What has really struck us is how well and how quickly the sector adapted during the pandemic, particularly in the necessary switch to using digital technology as a way to continue reaching people. At the same time, we saw many individuals and organisations finding creative ways to embed themselves in local communities and deliver valuable social outcomes. What was also impressive was how quickly organisations adapted to new ways of working, reconfiguring their structures, developing and acquiring new skills and experimenting to find new ways to reach their audiences and meet their missions.  

As we emerge from the pandemic, many organisations are restarting their pre-pandemic business models. However, we are living in a time of unprecedented disruption and an uncertain future. We believe that the sector needs to retain the dynamic capabilities and behaviours that were so essential in lockdown. In order to respond to changing needs, behaviours and wider social change, organisations need to be flexible and adaptable in order to quickly capitalise on emerging opportunities. The need for innovation, particularly within business models, therefore isn’t about innovation for the sake of innovation, but about building resilience and thriving through embracing change and experimentation. 

How we support the sector to do this will evolve over the lifetime of Let’s Create, responding to the needs of cultural organisations as well as the landscape we’re all operating in. In response to what we saw in the pandemic though, we’re kicking off with the Reset and Innovation programme. 

Delivering the Reset and Innovation programme is one of the actions we pledged to take as part of the Building a ‘fit for the future’ cultural sector Theme we set out in our Delivery Plan for 2021-24. Through the programme, we want to enable organisations to continue developing that culture of experimentation and innovation they adopted during the pandemic, both within their existing business models and through creating new ones.  

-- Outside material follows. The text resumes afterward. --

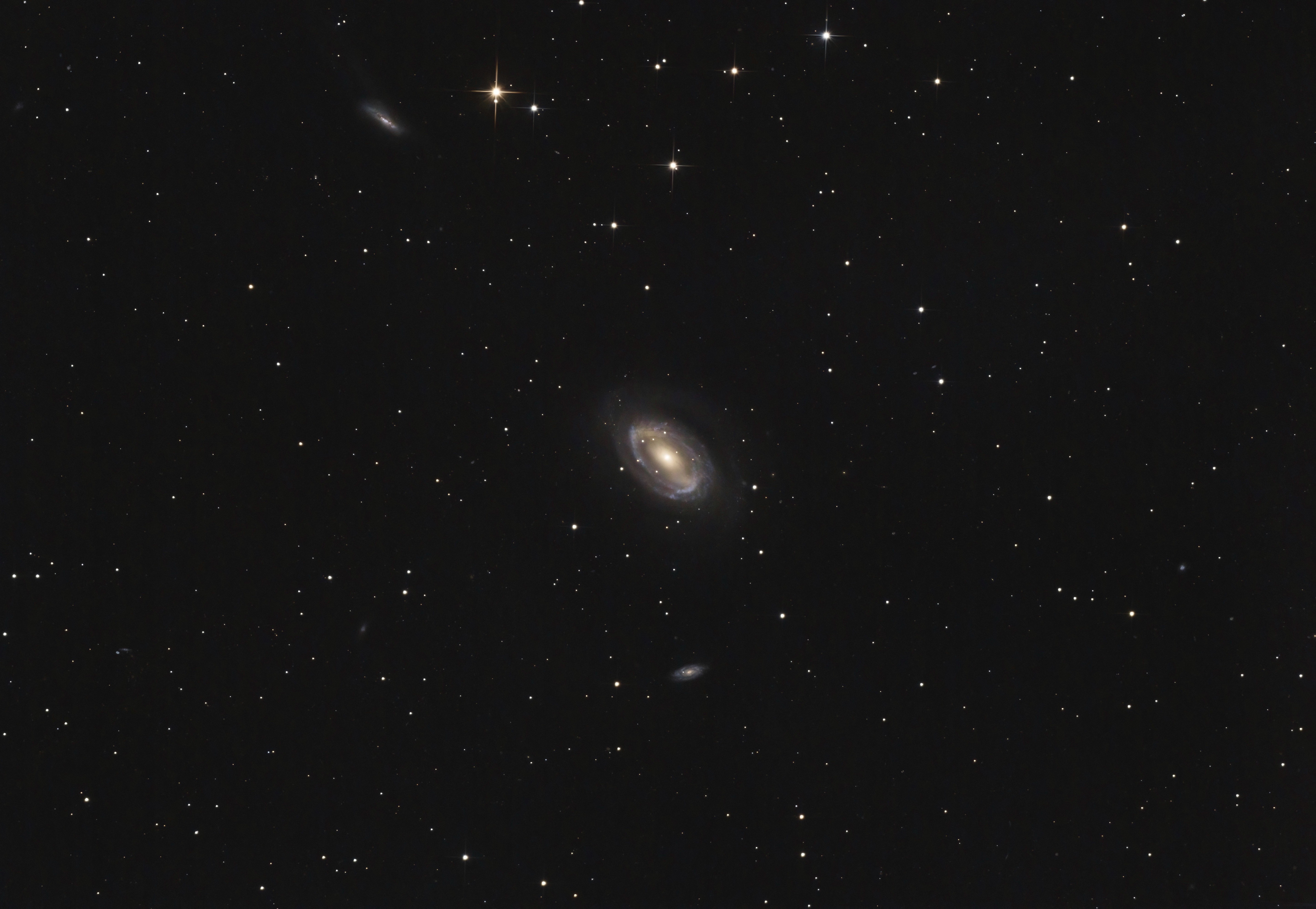NGC 4725 ist eine Balkenspiralgalaxie in einer Entfernung von rund 54 Millionen Lichtjahren. Auch auf dem Bild NGC 4747 oben, die mit NGC4725 interagiert. Unten ist noch NGC 4712 zu sehen, die mit 190 Millionen Lichtjahren aber deutlich weiter weg ist.
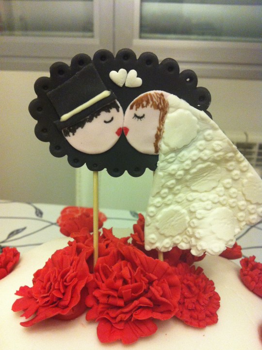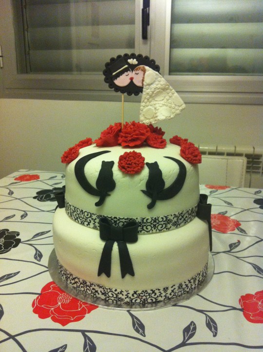 Hoy un post de la tarta de novios. Las fotos , antes de empezar, ya aviso que están francamente mal porque no había luz y no tuve tiempo de hacer fotos de día, pero menos es nada así que hay que conformarse….

We’re in the early stages of scoping the programme, but we think it will consist of two strands. The first will provide a small grant to organisations so that they can test and prototype innovative ideas. We think it’s really important that this fund allows projects to explore new ideas and change course as we test, learn and develop. What we hope people get out of this is an ‘investment ready’ business proposition that they can take to their Board, to other funders and investors or even straight to market. 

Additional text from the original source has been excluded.